> **WHAT YOU WILL DO**: Give the lines again exactly as they appear below, from the line with "重庆川庆化工有限责任公司持有的库存设备(轴承)一批" to the line with "Experienced executive leadership", both included, and only those lines. Leave every picture out.

> **AVAILABLE DATA**:
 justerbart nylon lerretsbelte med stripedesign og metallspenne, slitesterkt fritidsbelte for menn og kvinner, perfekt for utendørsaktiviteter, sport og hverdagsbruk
...
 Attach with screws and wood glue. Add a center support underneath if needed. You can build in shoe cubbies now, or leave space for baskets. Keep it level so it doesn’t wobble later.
==
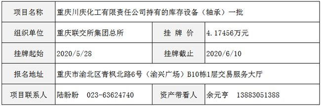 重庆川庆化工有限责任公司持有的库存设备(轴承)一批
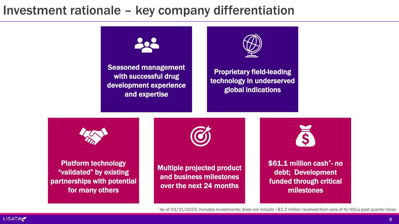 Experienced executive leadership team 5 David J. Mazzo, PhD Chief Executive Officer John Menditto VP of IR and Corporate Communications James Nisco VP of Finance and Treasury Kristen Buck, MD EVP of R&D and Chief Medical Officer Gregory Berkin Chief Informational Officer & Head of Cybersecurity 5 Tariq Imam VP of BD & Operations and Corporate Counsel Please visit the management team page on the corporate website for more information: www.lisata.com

> **REPLY TO THE EXERCISE**:
 重庆川庆化工有限责任公司持有的库存设备(轴承)一批
 Experienced executive leadership team 5 David J. Mazzo, PhD Chief Executive Officer John Menditto VP of IR and Corporate Communications James Nisco VP of Finance and Treasury Kristen Buck, MD EVP of R&D and Chief Medical Officer Gregory Berkin Chief Informational Officer & Head of Cybersecurity 5 Tariq Imam VP of BD & Operations and Corporate Counsel Please visit the management team page on the corporate website for more information: www.lisata.com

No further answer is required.